All entries below are to be returned exactly, with pictures left out.

* Records from a collection *

────────

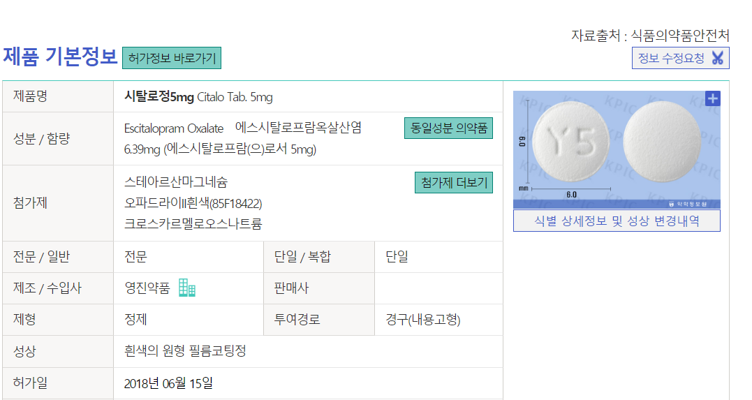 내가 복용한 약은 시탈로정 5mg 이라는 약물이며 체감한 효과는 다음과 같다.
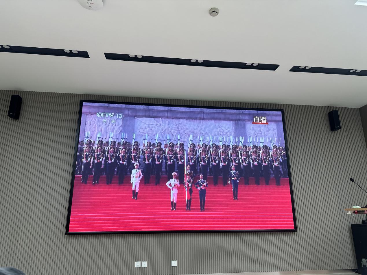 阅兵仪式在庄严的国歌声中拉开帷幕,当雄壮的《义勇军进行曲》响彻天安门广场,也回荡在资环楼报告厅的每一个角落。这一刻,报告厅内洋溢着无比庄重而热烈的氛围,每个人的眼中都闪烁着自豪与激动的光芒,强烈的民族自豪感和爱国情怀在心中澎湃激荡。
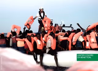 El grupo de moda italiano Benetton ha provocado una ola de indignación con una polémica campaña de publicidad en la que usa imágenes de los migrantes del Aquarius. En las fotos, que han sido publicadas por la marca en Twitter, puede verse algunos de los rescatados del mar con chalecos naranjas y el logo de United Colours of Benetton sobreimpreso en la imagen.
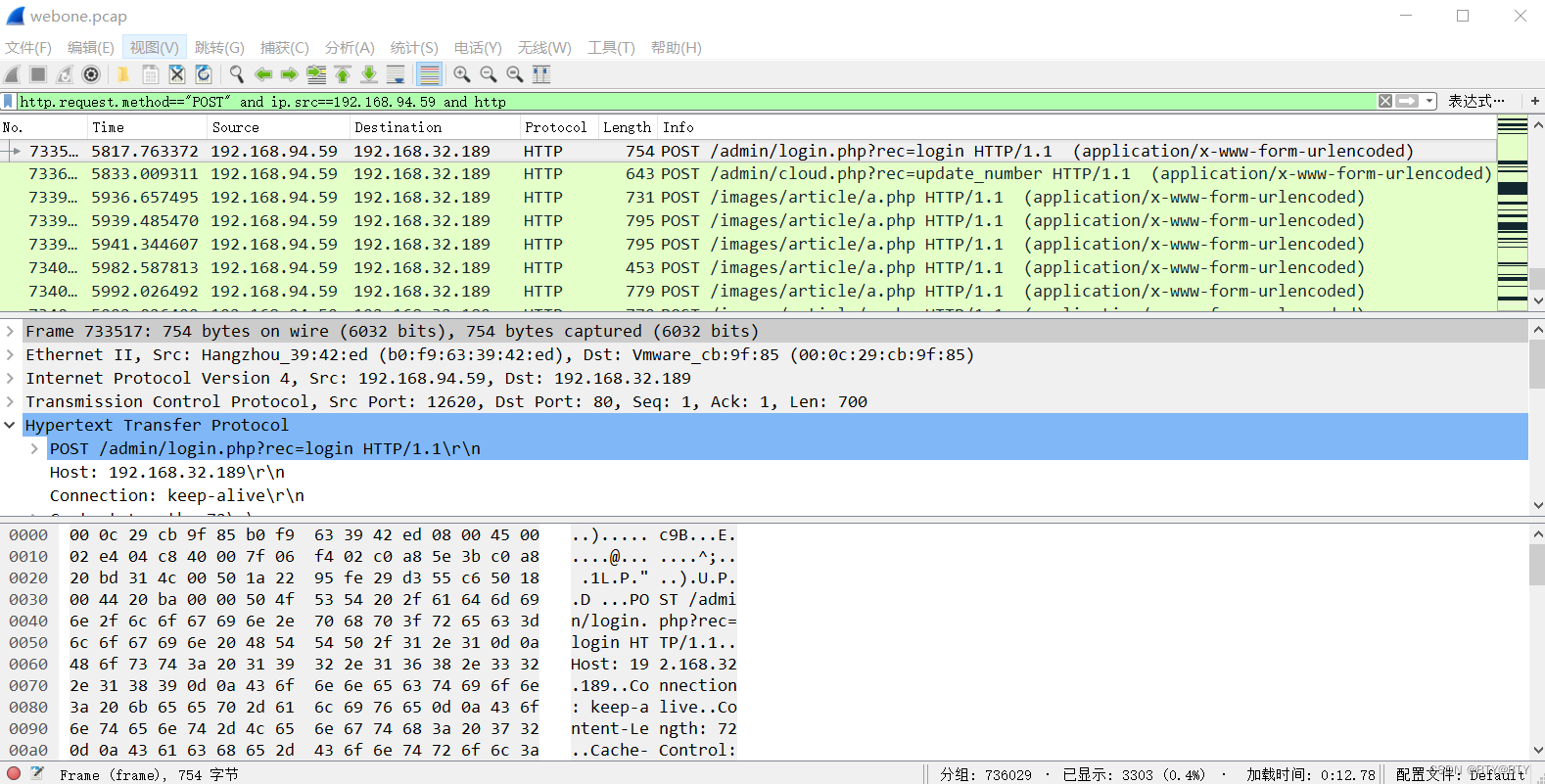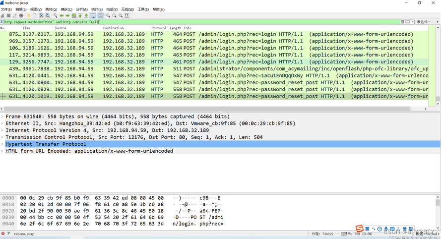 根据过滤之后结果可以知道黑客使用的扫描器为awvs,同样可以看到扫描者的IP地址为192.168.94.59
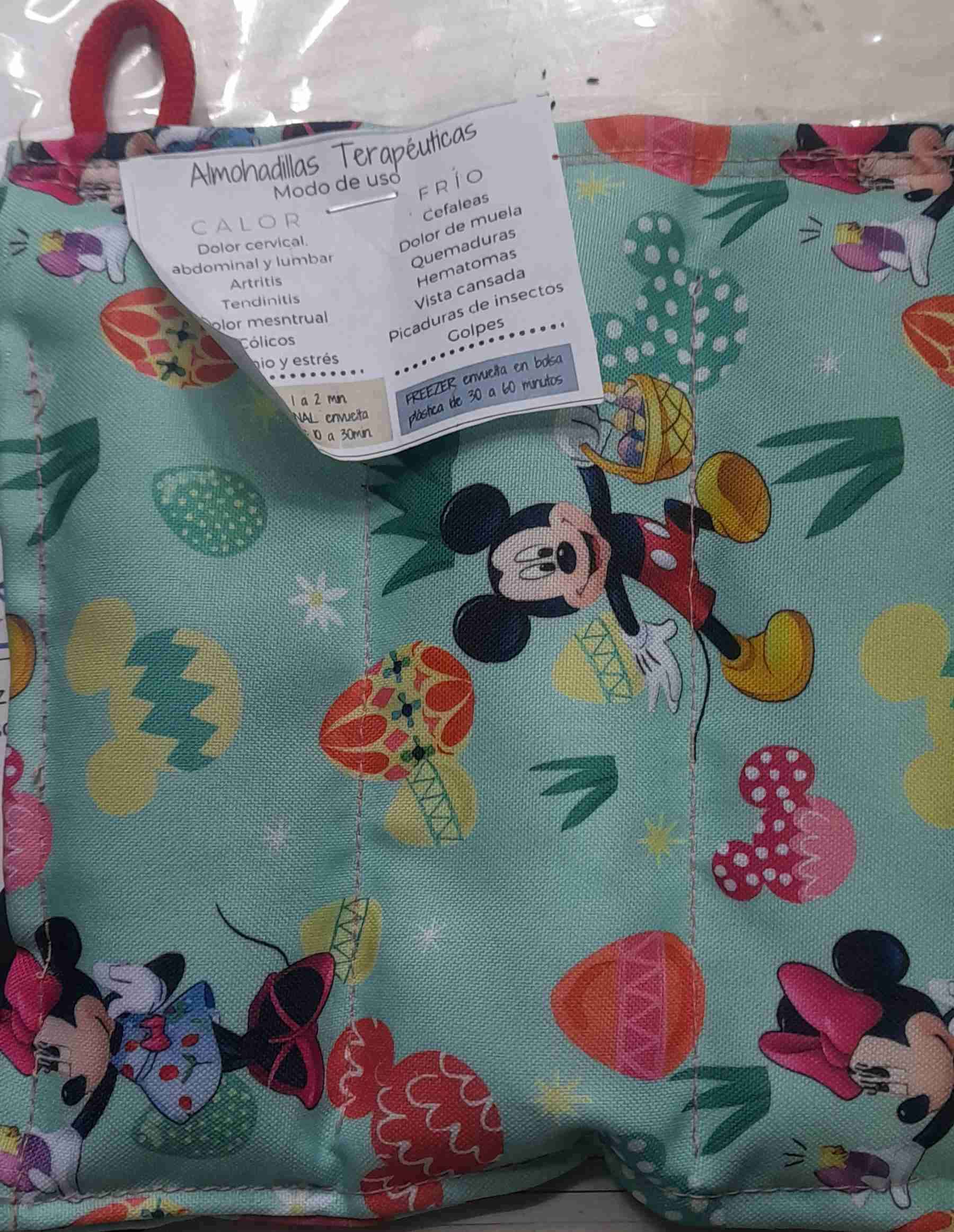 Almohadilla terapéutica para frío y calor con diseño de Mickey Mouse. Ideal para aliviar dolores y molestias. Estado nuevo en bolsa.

────────

* Response box *
 내가 복용한 약은 시탈로정 5mg 이라는 약물이며 체감한 효과는 다음과 같다.
 阅兵仪式在庄严的国歌声中拉开帷幕,当雄壮的《义勇军进行曲》响彻天安门广场,也回荡在资环楼报告厅的每一个角落。这一刻,报告厅内洋溢着无比庄重而热烈的氛围,每个人的眼中都闪烁着自豪与激动的光芒,强烈的民族自豪感和爱国情怀在心中澎湃激荡。
 El grupo de moda italiano Benetton ha provocado una ola de indignación con una polémica campaña de publicidad en la que usa imágenes de los migrantes del Aquarius. En las fotos, que han sido publicadas por la marca en Twitter, puede verse algunos de los rescatados del mar con chalecos naranjas y el logo de United Colours of Benetton sobreimpreso en la imagen.
 根据过滤之后结果可以知道黑客使用的扫描器为awvs,同样可以看到扫描者的IP地址为192.168.94.59
 Almohadilla terapéutica para frío y calor con diseño de Mickey Mouse. Ideal para aliviar dolores y molestias. Estado nuevo en bolsa.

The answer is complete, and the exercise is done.